_Directions for this task_
Only the lines from the beginning of the data through the line holding "商品名称:卡姿兰(Carslan) 卡姿兰气垫cc霜彩妆套装全套组合初学者淡妆裸妆化妆品学生圣诞礼盒套装女 清新自然妆8件套" belong in the answer, printed exactly and without pictures.

_Source records_

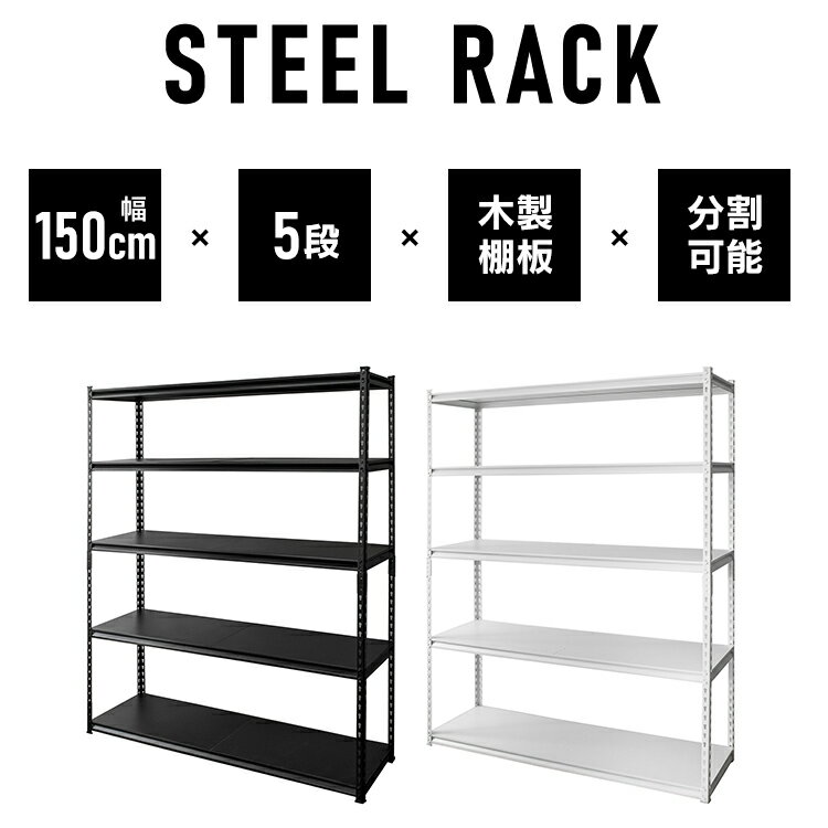 スチールラック 幅150cm 5段 STR-1500スチール製 スチール棚 スチールシェルフ ラック オフィス 収納 棚 ラック 部屋 在宅勤務 テレワーク PC周辺 デスク シンプル インテリア デスクサイド [PICK]
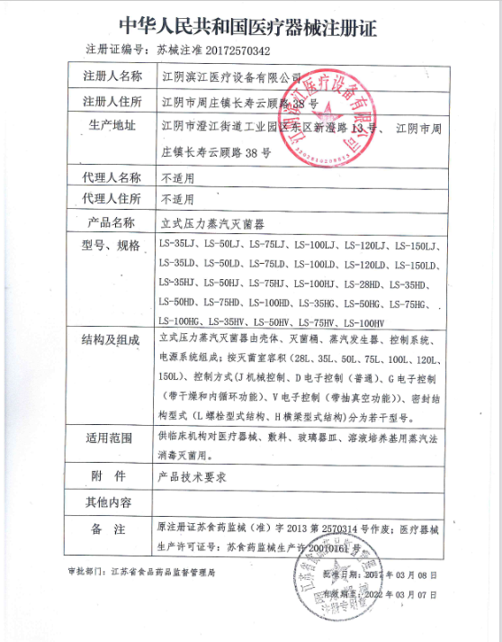 滨江医疗LS-35HD立式压力蒸汽灭菌器
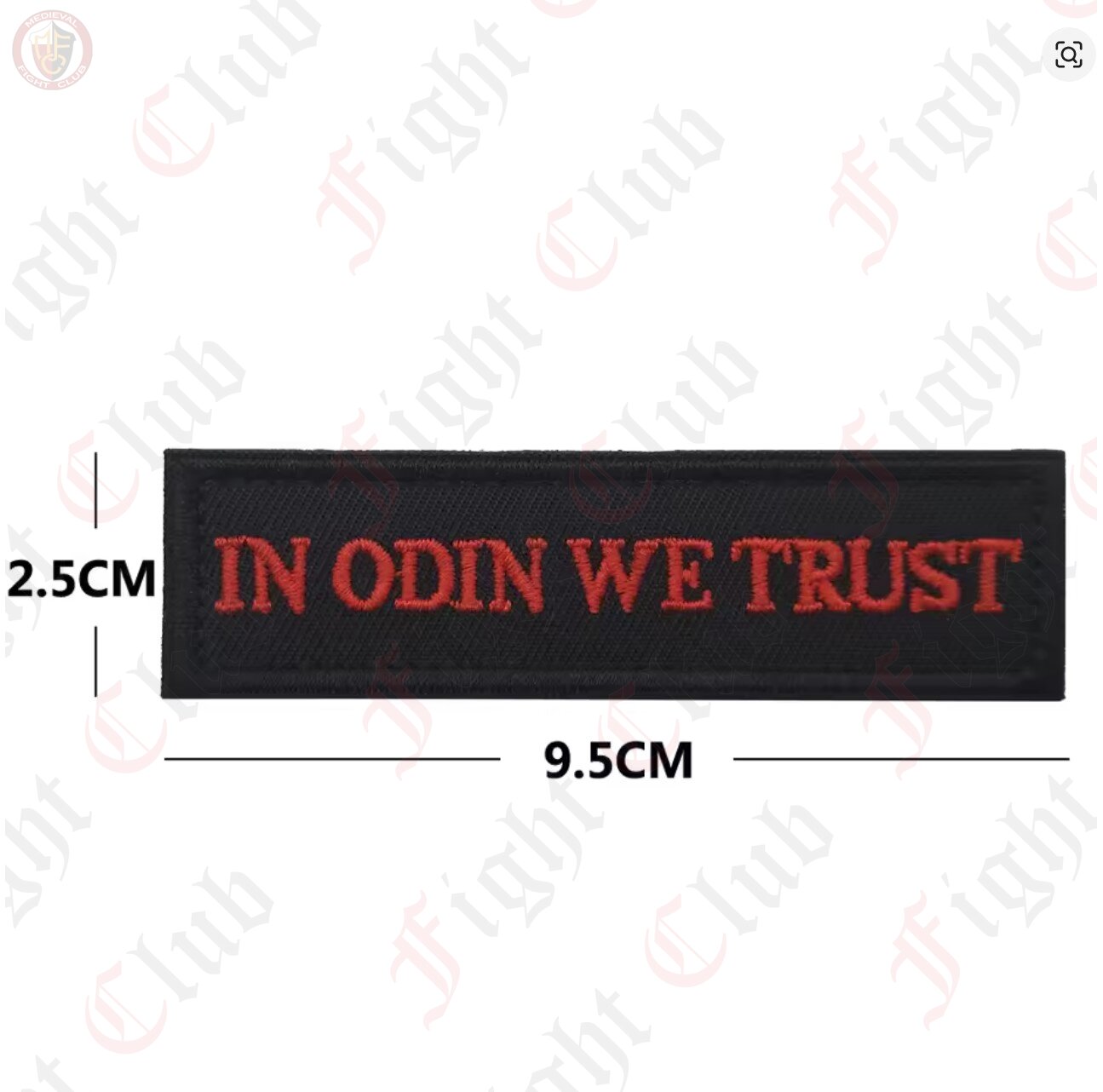 A viking cloth patch. The patch reads IN ODIN WE TRUST
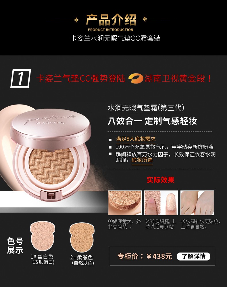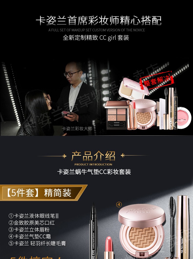 商品名称:卡姿兰(Carslan) 卡姿兰气垫cc霜彩妆套装全套组合初学者淡妆裸妆化妆品学生圣诞礼盒套装女 清新自然妆8件套
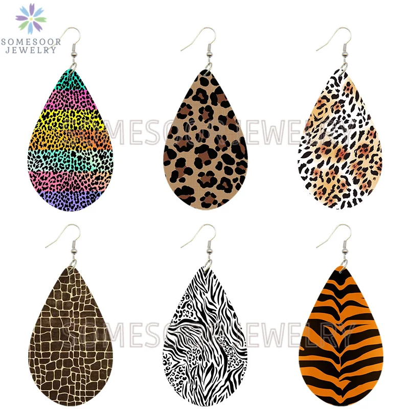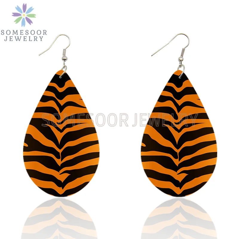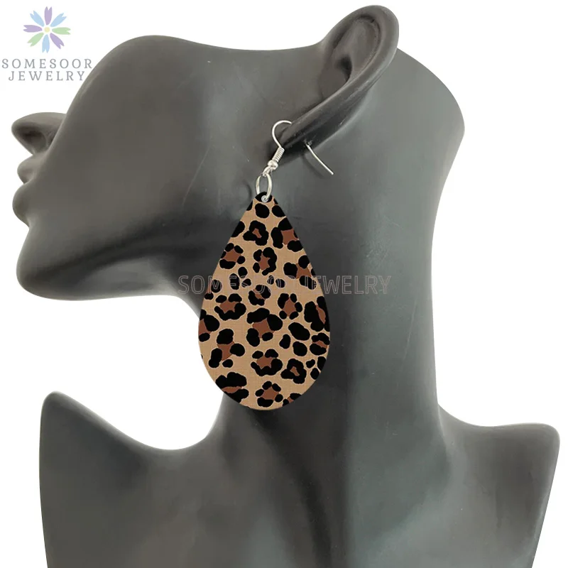 SOMESOOR деревянные висячие серьги с принтом в виде животного, леопард, тигр, Зебра, змея, висячие серьги для женщин, подарки
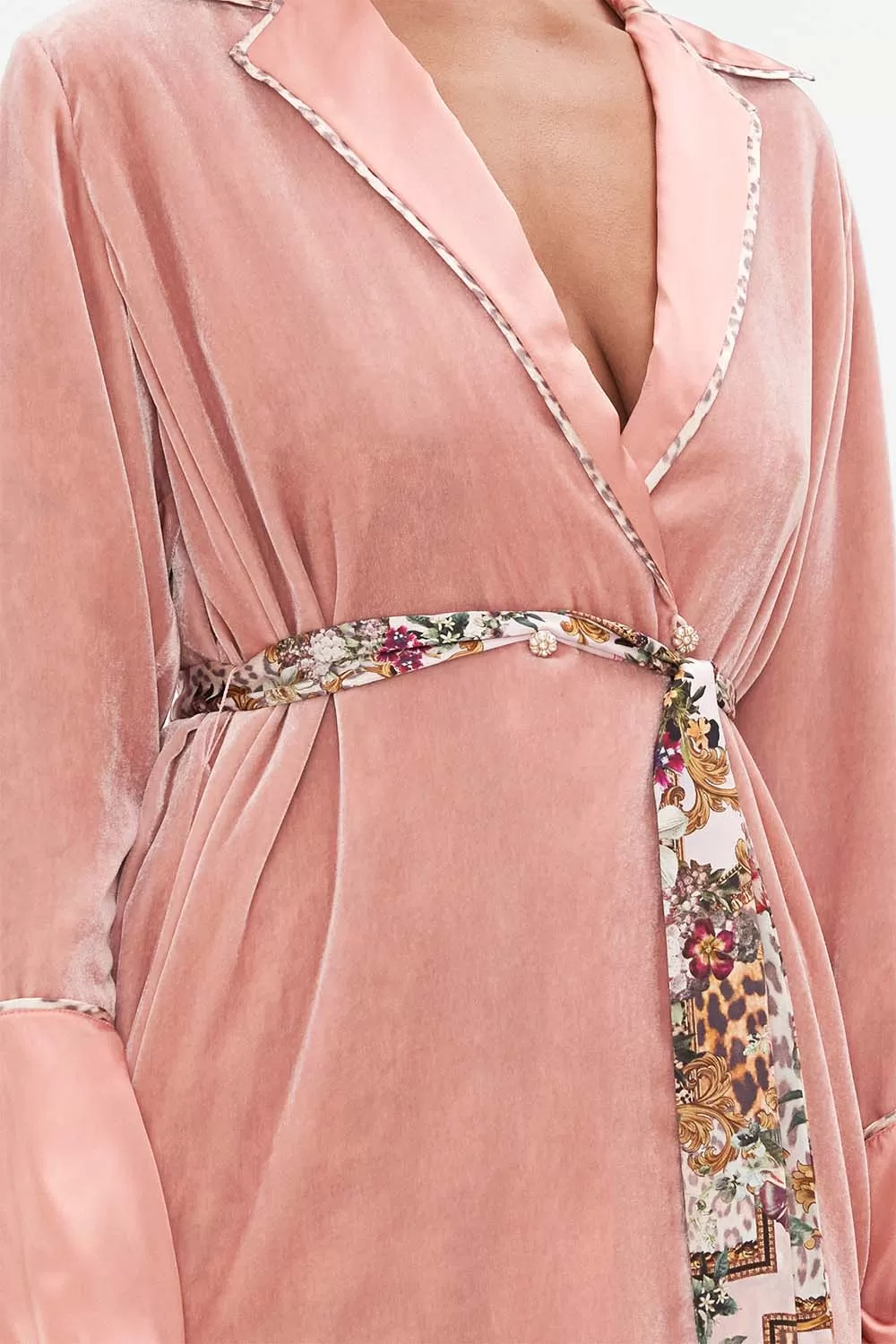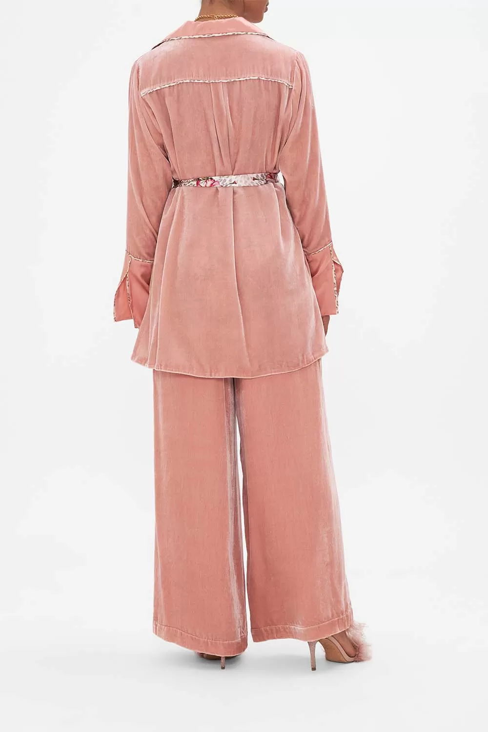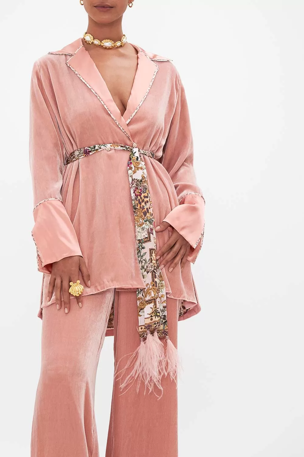 The Bambino Bliss Split Cuff Soft Jacket echoes a sweet symphony pastel pink. Crafted from a decadent CAMILLA printed silk, this luxury lightweight coat is home to embellished lapels and split cuff detail, a tie to accentuate the waist, structured shoulders to add shape and definition, and a relaxed boxy silhouette. Create a sleek matching set outfit with the Bambino Bliss Straight Leg Relaxed Trouser. Lovingly handcrafted, designed in Australia. Explore more from the Amore Mio collection.

_Reply to the exercise_
 スチールラック 幅150cm 5段 STR-1500スチール製 スチール棚 スチールシェルフ ラック オフィス 収納 棚 ラック 部屋 在宅勤務 テレワーク PC周辺 デスク シンプル インテリア デスクサイド [PICK]
 滨江医疗LS-35HD立式压力蒸汽灭菌器
 A viking cloth patch. The patch reads IN ODIN WE TRUST
 商品名称:卡姿兰(Carslan) 卡姿兰气垫cc霜彩妆套装全套组合初学者淡妆裸妆化妆品学生圣诞礼盒套装女 清新自然妆8件套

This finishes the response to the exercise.